Supply your body with the right kind of fuel

If you think that hard core cross-training is all there is to triathlon training, think again. Whether you’re doing a sprint triathlon or Ironman, your training will push your body to the max. You will be burning more energy during training than most people do for an entire day, so, you need the right fuel to keep you going.

Develop a healthy meal plan that will give you maximum energy to endure your training. Avoid eating processed food and binging on energy drinks because the unhealthy ingredients and chemicals in these food items will weaken your immune system and slow down your recovery time.

Nevertheless, take it easy on the protein, as you are training as a triathlete and not a bodybuilder. Focus on having whole foods like, vegetables and fruits, whole grains and lean meats in your diet and make sure to incorporate complex carbs for energy before workouts and hydrating liquids after to replenish the body.

Acclimate to your new lifestyle

Participating in a triathlon should not be a one-off thing, even if for now you do train just to have a shot at your first triathlon.

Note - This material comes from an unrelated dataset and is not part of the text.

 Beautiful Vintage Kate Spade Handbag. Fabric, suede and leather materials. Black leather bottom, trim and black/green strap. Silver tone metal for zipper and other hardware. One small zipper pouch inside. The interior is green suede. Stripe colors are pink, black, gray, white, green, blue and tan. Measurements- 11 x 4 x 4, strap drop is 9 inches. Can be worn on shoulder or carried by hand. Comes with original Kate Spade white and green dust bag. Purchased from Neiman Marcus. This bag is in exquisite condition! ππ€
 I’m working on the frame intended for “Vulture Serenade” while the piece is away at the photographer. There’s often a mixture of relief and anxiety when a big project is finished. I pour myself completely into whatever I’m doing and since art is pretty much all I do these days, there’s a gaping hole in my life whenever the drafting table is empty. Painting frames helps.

Being on top of your game often requires serious commitment, so, it is best to develop an attitude that a triathlon is actually a lifestyle sport.

If you aren’t already living the life of a sportsman, embrace the fact that you should, as it will facilitate life-long success in either this sport, or any others you may participate in, like marathons.

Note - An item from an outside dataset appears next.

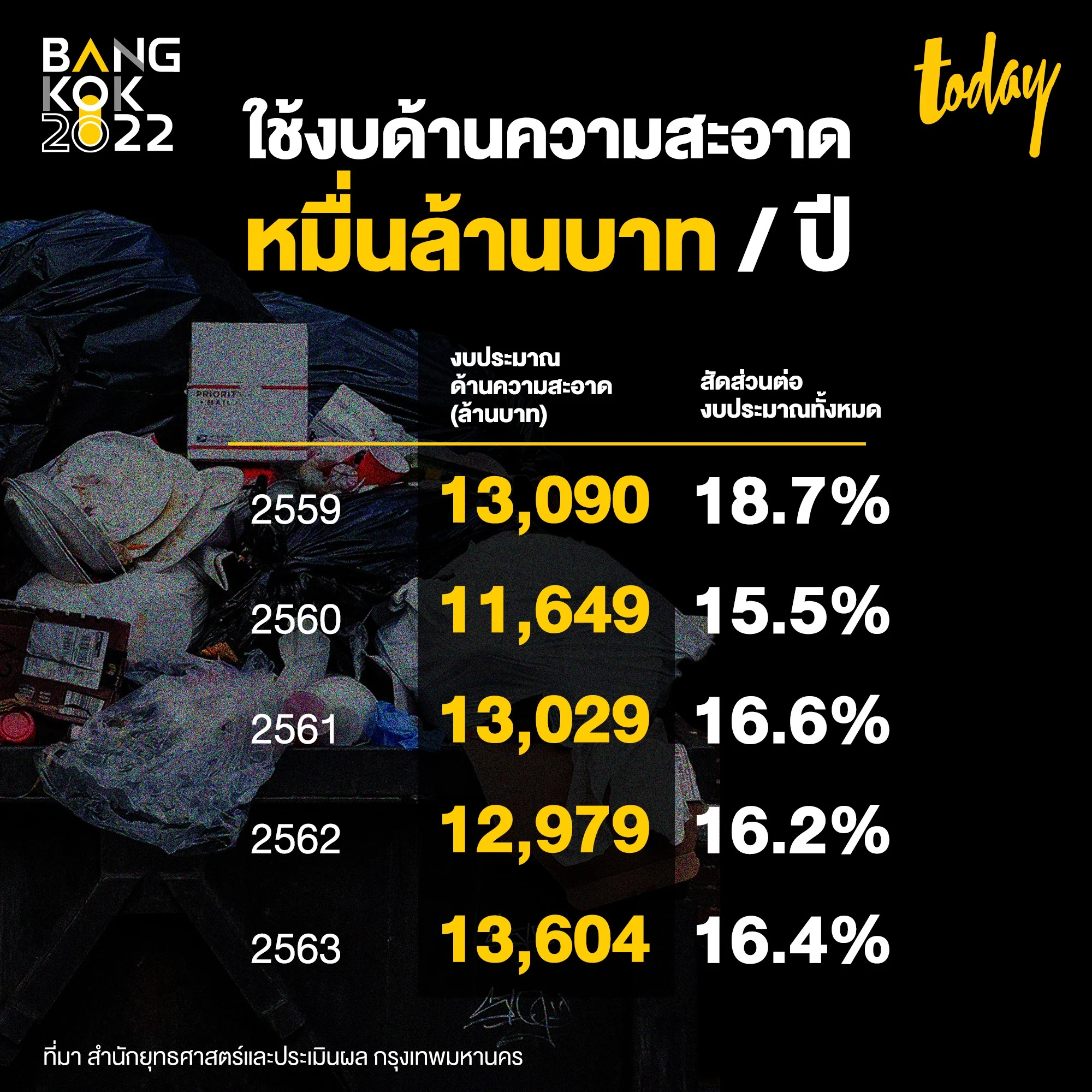 แต่หากย้อนไปไกลกว่านั้น ข้อมูลเมื่อปี 2550 พบว่า กทม. ใช้งบประมาณเพื่อรักษาความสะอาดและความเป็นระเบียบเรียบร้อยเพียง 6,946 ล้านบาท หรือหมายความว่าปัจจุบัน กทม. ใช้งบประมาณในส่วนนี้เพิ่มขึ้นกว่า 95% จากเมื่อ 13 ปีก่อน

From changing your sleeping habits in order to ensure that you have enough time and energy to go through your training to specifically planning out your day to ensure enough room for daily workouts to developing commitment and passion to be a good athlete, accept the fact that training for a triathlon will change your lifestyle.

Participating in a triathlon can be a rewarding experience, as it can bring great physical and mental benefits, just be sure to do it right and your hard work will be rewarded.